In the enormity of my shame, I cannot look my Hindu friends in the eye because when my Muslim co-religionists destroyed their temples and homes in Banshkhali, Joypurhat, Noakhali, Laksam and other places in a country we do not call Pakistan any more, I was unable to lift a hand or even a finger to save them from those pseudo-Muslims who have for decades brought Islam into disrepute.
My shame acquires deeper shades of worry when a section of politicians in the land, despite having wielded political power and in the interest of pushing a perfectly legitimate government from office, feel absolutely no shame in serving up the falsehood of Muslim sentiments being under threat in a country for whose liberty all Muslims, Hindus, Buddhists and Christians waged war more than four decades ago. These politicians do not hear the heart-breaking cries of Hindus whose homes have turned into cinders, whose gods have been flung from their pedestals by elements whose earlier generation killed and raped in the name of a communal state we eventually put down. These politicians, free of shame and free of conscience, do not ask my Buddhist compatriot why he does not feel at home any more in Bangladesh. They look the other way when my Christian fellow citizen cowers in fear as a fanatical mob approaches his home, to destroy it, to have him abandon it.
My shame is shame that touches the generational. My father was ashamed when his scholarly Hindu teachers in school made their way across the post-partition frontier because the land of their birth was not ready to protect them from the fanatical activists of Pakistan. My father’s generation wallowed in deep shame when Gandhi made his way to Noakhali and none among the heroic defenders of the two-nation theory did.
It was Gandhi who calmed passions in Calcutta in 1946. He did the same in Noakhali a few months later. Where were my leaders, those who told my father’s generation that Pakistan was to be a land of the pure, that the beauty of Islam would guide us into the future, in all this fire and fury engulfing the country?
They destroyed a country. They blasphemed against Islam.

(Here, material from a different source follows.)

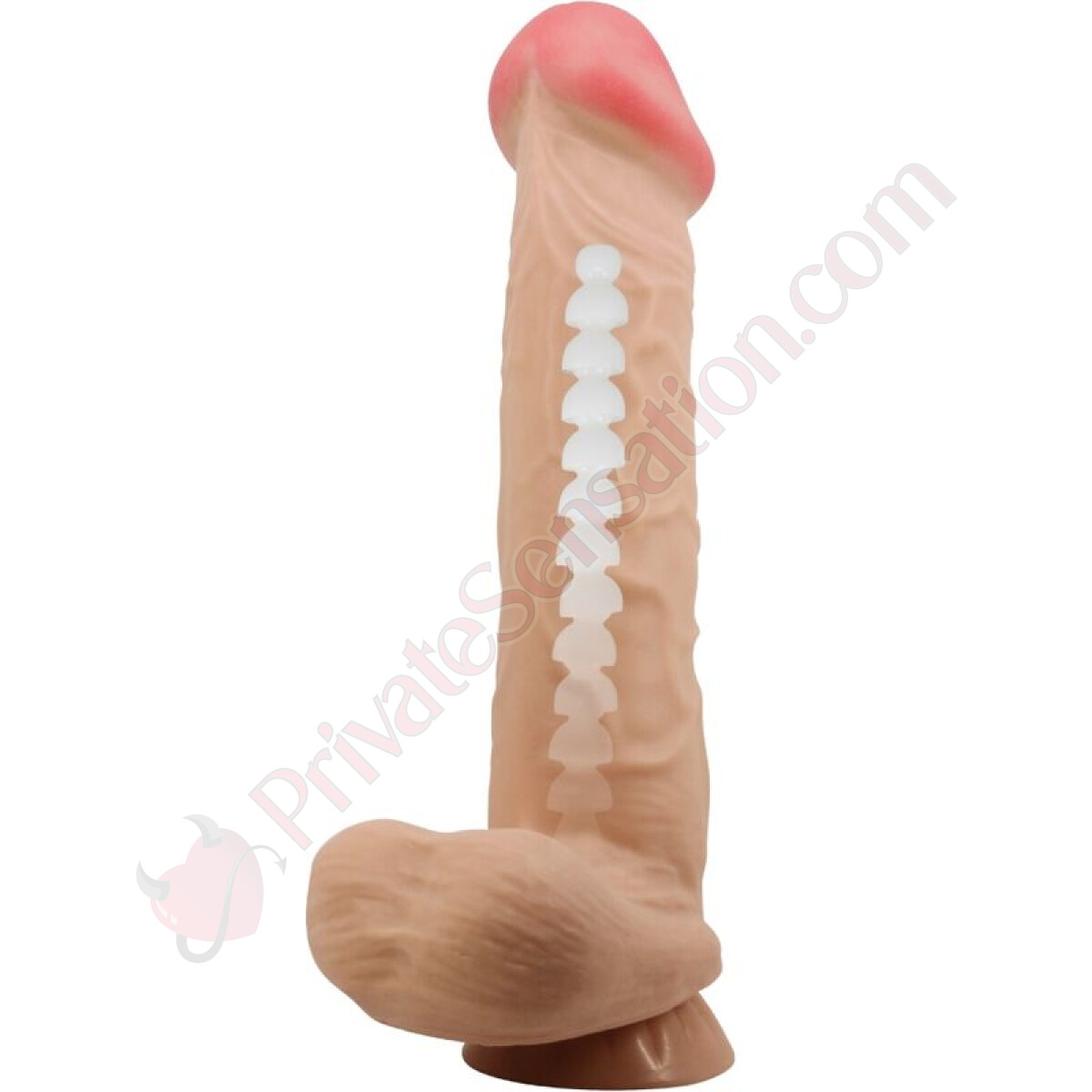 The realistic dildo from the Sliding Skin Series is made from TPR material with a vertebral core design.

It is my shame that I must watch self-styled Marxists and so-called political commentators on television go out on a limb to paint bad men in the garish colours of false respectability and say nothing about those who have borne the pain of being part of the religious minority. My shame is in knowing that men like Sheikh Mujibur Rahman do not live any more. It is in realising, almost with a start, that what he and his generation of Bengalis did to douse the flames of communal frenzy in 1964 is not about to be repeated by an equally powerful leader in 2013. The flames leap up to the skies again. The man who will tame them is nowhere to be seen.
It will be our everlasting shame if we do not keep this country away from the grasping hands of those who would destroy it brick by brick. It will be embarrassment of the deepest black if those who remember the War of Liberation do not seize the moment and take Bangladesh back to where it was on the afternoon of December 16, 1971. And that was an afternoon of celebrations of the Bengali spirit of nationalism, a moment when Muslims, Hindus, Buddhists and Christians came together to proclaim, once more, that history was theirs to shape and the land was theirs to inhabit — for all time.